温泉逍遥

思いつきで巡った各地の温泉(主に日帰り温泉)を写真と共に紹介します。取り上げるのは原則的に源泉掛け流しの温泉です。

花野温泉 たぬき湯

2012年08月29日 | 鹿児島県
 
鹿児島市内の千年団地から花野方面へ向かう途中に架かる千年橋近くの大規模な温泉スーパー銭湯「たぬき湯」を利用してきました。当初は前回取り上げた「大黒温泉」を出た後に中央駅方面へ戻るつもりでしたが、花野口バス停でバスを待っている時、目の前に「たぬき湯」の看板を発見し、携帯で調べてみたらどうやらこのバス停から徒歩10分程度で辿りつけそうだったので、どんなところか行ってみることにしたのです。
建物の前の駐車場には、平日のお昼時だというのにたくさんの車が停められており、早い時間から既に多くのお客さんで賑わっていることが窺えます。玄関前には八百屋やお花屋さんなどの露店が並んでいました。


 
玄関に入ると、両側には「願かけ龍」と称する龍の絵や不動明王の仏像など、宗教めいたものが祀られています。この施設って何かの宗教関係なんですか?



下足場から上がってすぐの正面にある券売機で料金を支払います。3台も設置されているので、てっきり食堂の食券販売も兼ねているのかと思いきや、3台とも入浴関係だけなんですね(子供料金や各種割引、入浴道具の販売などもこのベンダーで扱うためにたくさんのボタンを使うようです)。


 
スーパー銭湯らしく、ちゃんと食堂が完備されています。またフロント前にはいろんな食品類や入浴道具関係が売られていました。このフロントの左側が女湯、右側が男湯の入口です。


 
鰻の寝床のように奥へ長い板の間の脱衣所。この日はとても暑かったため、床置形のエアコンも柱に取り付けられた扇風機もフル稼働でした。室内には大きなカゴがたくさん積まれている他、ロッカーも多く用意されていますが、いずれも有料(100円)であり、また故障中も箇所が多かったのがちょっと残念なところ。ドライヤーは洗面台に2台ありますが、こちらもやはり有料(20円)です。

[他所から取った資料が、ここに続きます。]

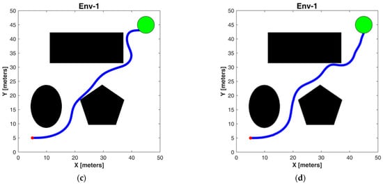 Results of path under scenario 1: (a) RRT*; (b) Informed-RRT*; (c) spRRT; (d) spRRT-Informed.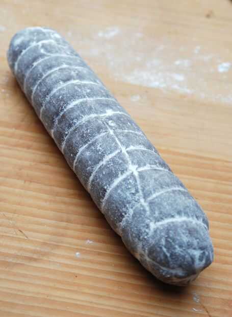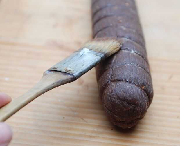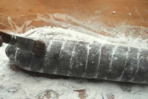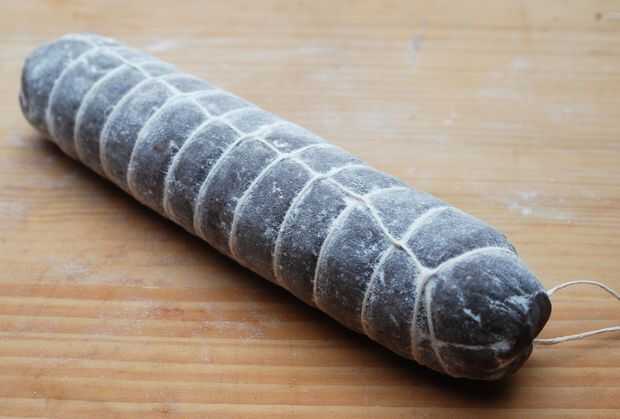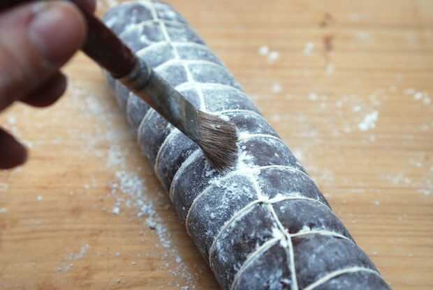 La salchicha con mantequilla suave del cepillo y luego cubrir toda la superficie con azúcar en polvo. Toque el Salame un poco o usar un cepillo seco para quitar el exceso de azúcar.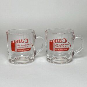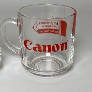 Set of 2 Luminarc Clear Glass Coffee Mugs Canon Vintage Advertising
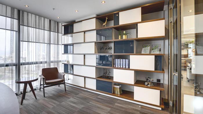 總經(jīng)理辦公室展示區(qū)域的設(shè)計:設(shè)計師在設(shè)計的時候,為了保證空間的完整性,故此在選擇展示柜的時候,重點在于色彩與造型之上進行甄選,在設(shè)計師看來展示柜不僅需要起到儲藏與展示作用,還需要與整個空間搭配,這樣的好處就是既保證了其實用性、也保證了其觀賞性。

浴室はとっても広くて開放的です。大きな浴室の手前側、右側、そして奥という三方に洗い場のカランがズラリとならんでおり、浴室入口すぐのところには掛け湯枡が設置され、中央から左側の窓付近にかけて、プールのような主浴槽が据えられています。主浴槽の一部ではジェットバスや電気風呂などの装置が運転されています。更には主浴槽の奥には水風呂が付随していました。また、主浴槽と浴室左側の窓の間は寝転びゾーンとなっており、枕の代わりにウレタン板やビート板を持参したお客さんがトドと化していました。


 
洗い場には押しバネ式のカランと固定式シャワーの組み合わせが計27組設置されています。館内表示によればカランもシャワーも源泉100%なんだそうでして、洗い場の各ブースにも朱色の地に白字で源泉と書かれたプレートが自慢げに掲示されていました。



主浴槽には石のタヌキが置かれたモニュメントのような湯口が設けられており、量がやや少ない旧源泉と、大量に供給されている新源泉の二つのお湯が浴槽へ向かって注がれていました。両方のお湯の知覚を比べてみましたが、違いはあまりわからず、双方とも無色澄明で微かに重層的なほろ苦さこそ有するもののほぼ無味無臭でした。更にはもうひとつ塩ビのパイプからかなり熱いお湯も出ていましたが、これが新旧どちらの源泉なのかは不明です。館内表示によれば掛け流しの湯使いを実施しているらしく、私の実感でもその表示に偽りはないようでした。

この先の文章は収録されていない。